Pursuant to N.J.S. 2C:58-3d, which governs New Jersey firearm permit appeals, “No formal pleading and no filing fee shall be required as a preliminary to such hearing.” (Emphasis added.)
Despite the above, over the last year, New Jersey’s county courts have been requiring a $50 filing fee “made payable to the Treasurer State of New Jersey” from people wishing to appeal their police chiefs’ denials of firearm permit applications.
The firm of Evan F. Nappen Attorney at Law PC immediately began challenging this practice. However, such matters often take months to finally come to a hearing.
On October 18, 2016, the Nappen Firm completed a case in Ocean County that included this challenge, regarding which the judge agreed and ordered “that the applicant shall be reimbursed the $50.00 filing fee.”

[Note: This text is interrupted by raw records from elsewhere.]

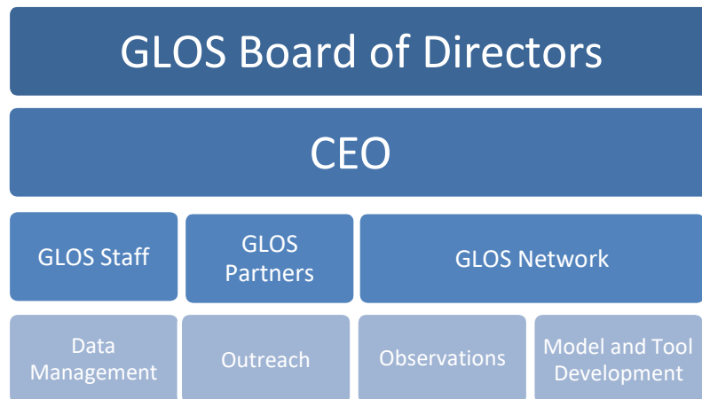
Figure 2: GLOS Organizational Chart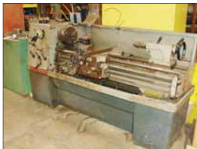
Clausing Colchester 15 Metal Lathe

JLG Access Master AMS-24 Manlift; Max. Cap. 350 Lbs., Platform Height 24', 12V V.D.C., 1PH, s/n 7028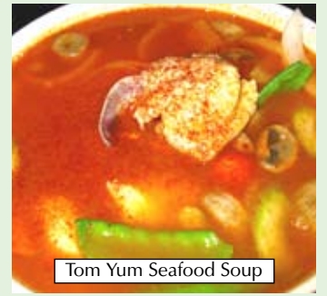
Tom Yum Seafood Soup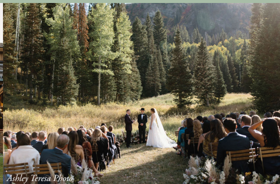
Ashley Teresa Photo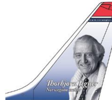
Thorbjørn Egner Norwegian writer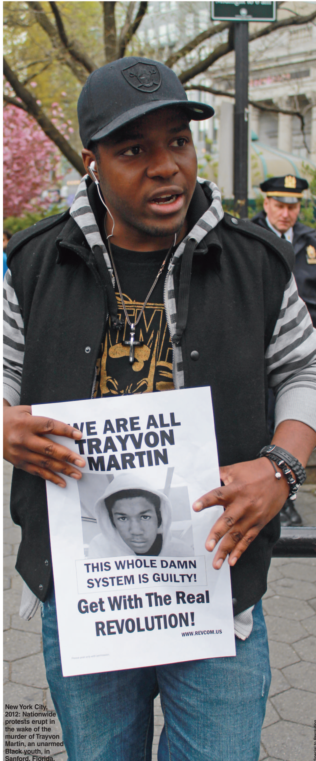
New York City, 2012: Nationwide protests erupt in the wake of the murder of Trayvon Martin, an unarmed Black youth, in Sanford, Florida.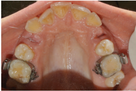
FIGURE 5: Clinical occlusal views 7 days after surgery. The sutures were removed. Both postextraction socket cavities presented a decreased volume and appeared epithelialized.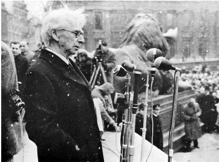
Russell addresses the Campaign for Nuclear Disarmament in Trafalgar Square in 1959. He used the fear of nuclear war to vilify nuclear power and science in general.

played a key role in initiating the actions of Nikita Khrushchov which led to the Cuban missile crisis. The Cuban missile crisis was used to terrorize the world, especially for those born after World War II. Those born after World War II, the “baby boomers,” were at that time children, or young adolescents, who did not have the emotional maturity to deal with this terror. As a result, an indelible imprint of sheer terror has warped the minds and souls of the generation now entering retirement.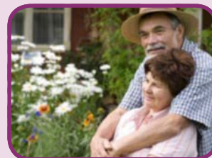
Living to 100 and beyond ...

Louis P. Nappen, Esq., who handled the matter for the Firm, stated, ‘“No filing fee’ means ‘no filing fee.’ The law could not be clearer. I applaud the judge for correctly applying the law in this regard.”
The Order was served and, this past week, the Treasury of New Jersey issued the appellant his refund. (As pictured, above.)
“$50 may not seem like a lot,” Nappen continued, “but consider that there are thousands of permit appeals. That money adds up.”
In 1971, in the case Weston v. State, the New Jersey Supreme Court explained:
"The function of the Police Chief as the local administrative official charged with responsibility for the original decision to grant or withhold the firearms purchaser identification card involves largely the exercise of an informal discretion…. So viewed, it follows that the basic justice aimed at by the Legislature in expressly providing for judicial review, can be achieved fairly only by a de novo hearing in the County Court.… Such a judicial review compensates constitutionally for procedural deficiencies before the administrative official."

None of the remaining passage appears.